After successfully training the SVM model, this model is tested on a test dataset using various classification metrics. These metrics include accuracy, precision, recall, F1-score, ROC, etc. The SVM model was first trained on default parameters and achieved 79% accuracy. The default parameters of the SVM model are shown in Table 1. The classification report of the first model is illustrated in Table 2.

Table 1 Default parameters of the SVM Model
Table 2 Classification report of the SVM model

As illustrated in Table 1, the SVM model with default parameters achieved 79% accuracy with 84% and 69% precision for both classes. After that, we used a grid search technique to optimize the SVM model.
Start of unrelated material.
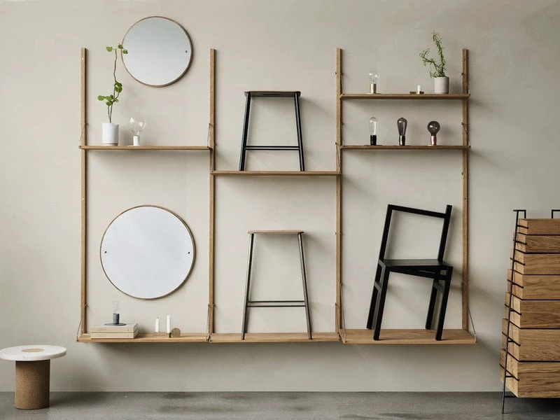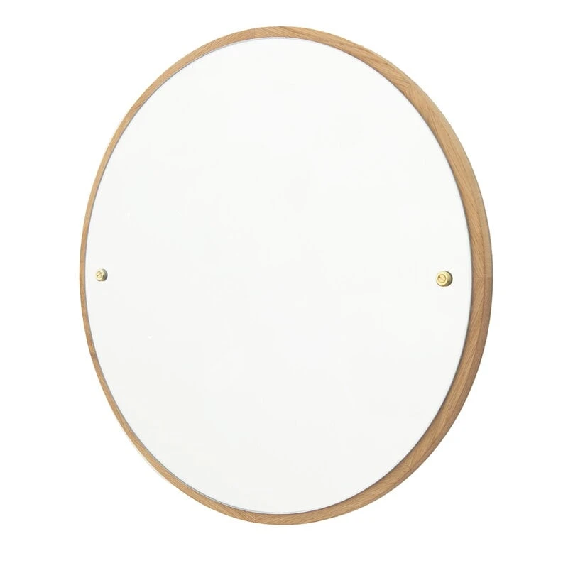 Der CM-1 Spiegel von Frama besteht aus einer runden, massiven Rückwand aus Eichenholz und einem Spiegelglas mit sichtbaren Messingschrauben, die das Erscheinungsbild des Spiegels unterstreichen. Dank seiner schlichten, zeitlosen Form eignet sich der CM-1 Spiegel gleichermaßen als Ankleidespiegel im Flur oder als dekorativer Spiegel im Wohnzimmer. Der elegante Wandspiegel hat ebenfalls Einflüsse aus dem nordischen Design der 1950er-Jahre.

We used various values of “C” and gamma with the RBF kernel. The importance of the given parameters is illustrated in Table 3.

Table 3 Default parameters of the SVM Model

Using the above values of gamma, C, kernel, and other parameters with default values, the model achieved 98% accuracy with 98% precision and 99% recall value. Table 4 illustrates the classification report of the optimized model. For checking the optimized model’s predicted values, we also find the marginal confidence of data using the histogram. Figure 9 presents the borderline spirit of the optimized model on data on both categories.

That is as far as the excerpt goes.